EXCERPTED DATA START

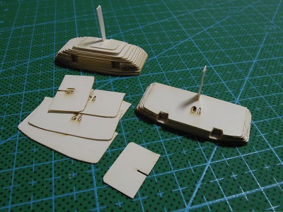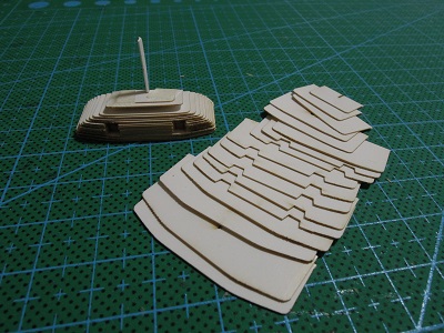 | ・車体箱組(2017/3/9) 前面おでこ部は積層構造です。 構成パーツを切出し、順番に貼り付けていきます。 |
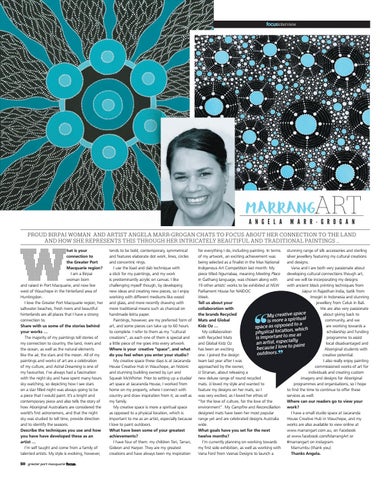 PROUD BIRPAI WOMAN AND ARTIST ANGELA MARR-GROGAN CHATS TO FOCUS ABOUT HER CONNECTION TO THE LAND AND HOW SHE REPRESENTS THIS THROUGH HER INTRICATELY BEAUTIFUL AND TRADITIONAL PAINTINGS …
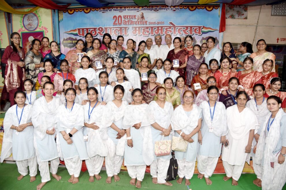 ललितपुर। आचार्य श्री विद्यासागर महाराज के आशीर्वाद से नगर में संचालित 10 पाठशालाओं के 20 साल पूर्ण होने पर पार्श्वनाथ दिगम्बर जैन अटामंदिर से आचार्य श्री विशुद्धसागर महाराज के शिष्य मुनि श्री सौम्यसागर महाराज एवं मुनि श्री जयेन्द्र सागर महाराज के सानिध्य में 20 साल बेमिसाल पाठशाला महोत्सव का आयोजन दिगंबर जैन पंचायत समिति के तत्वावधान में इन दिनों चल रहा है। पाठशालाओं के संचालक बाल बह्मचारी विधानाचार्य मनोज भैया के मार्गदर्शन में सिद्धचक महामंडल विधान में प्रातःकाल पूजन, अभिषेक, शांतिधारा के उपरांत इंद्र-इंद्राणियों द्वारा भक्तिपूर्वक अर्घ्य समर्पित हो रहे हैं। सायंकाल पाठशाला के बच्चों एवं उनको निस्वार्थ धार्मिक एवं संस्कारों का शिक्षण देने वाली दीदीयों ने आकर्षक प्रेरक सांस्कृतिक प्रस्तुतियां दी। इसका शुभारंभ आशु जैन कुमहेड़ी ने मंगलाचरण एवं शांतिनाथ मंदिर गांधीनगर पाठशाला के बच्चों ने भक्ति नृत्य से किया।
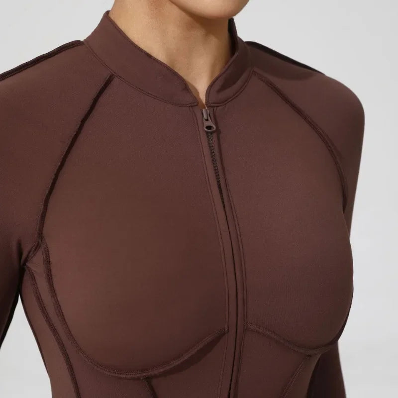 This sleek full-length jumpsuit sculpts your figure with a second-skin fit and front zip closure — ideal for streetwear edge or elevated athleisure.
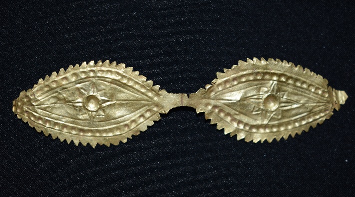 Ausgegrabene Augenmaske aus Gold, wohl aus einem Grab / Excavated eye gold cover from a grave, Makassar, Sulawesi; Bildquelle: Balai Pelestarian Cagar Budaya (BPCP) Makassar
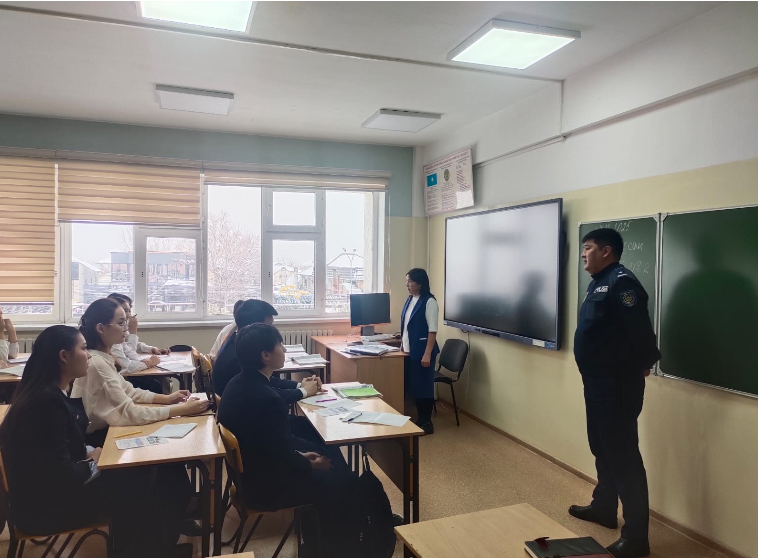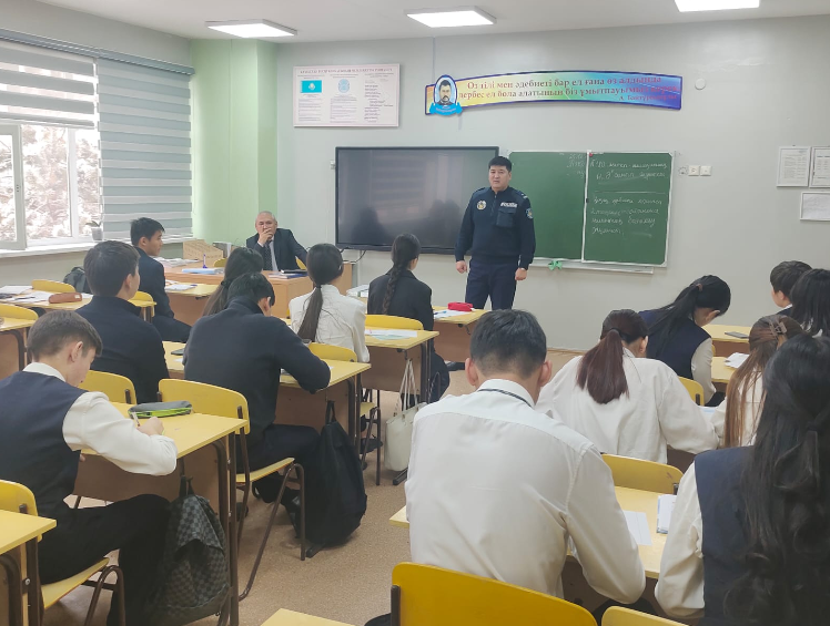 Мектеп инспекторы: О.А.Балабаев 1–11-сынып оқушыларымен «Жеке тұлғаға қарсы қылмыстар» тақырыбында профилактикалық түсіндірме жұмыстары жүргізілді.
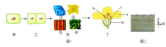 21. “黄萼裳裳绿叶稠,千村欣卜榨新油。”油菜的种子可以榨油,花具有很高的观赏价值,因而被人们广泛种植。图一为油菜植株个体发育不同时期的结构层次,其中序号①~④表示丙的不同类型,字母a~d表示丁的部分结构,图二为显微镜下的油菜根尖部分结构。
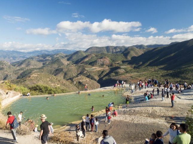 Hierve el Agua memiliki beberapa kolam di atasnya yang bisa digunakan wisatawan untuk berenang. Ada juga kolam buatan yang sangat dekat dengan pinggir tebing. Kandungan mineral yang tinggi menyebabkan airnya memiliki efek penyembuh.

EXCERPTED DATA END

=== YOUR GOAL ===
May I have only the lines from the start of the data through the line containing "PROUD BIRPAI WOMAN", both included, reproduced exactly and without the pictures?

=== EXERCISE SOLUTION ===
 | ・車体箱組(2017/3/9) 前面おでこ部は積層構造です。 構成パーツを切出し、順番に貼り付けていきます。 |
 PROUD BIRPAI WOMAN AND ARTIST ANGELA MARR-GROGAN CHATS TO FOCUS ABOUT HER CONNECTION TO THE LAND AND HOW SHE REPRESENTS THIS THROUGH HER INTRICATELY BEAUTIFUL AND TRADITIONAL PAINTINGS …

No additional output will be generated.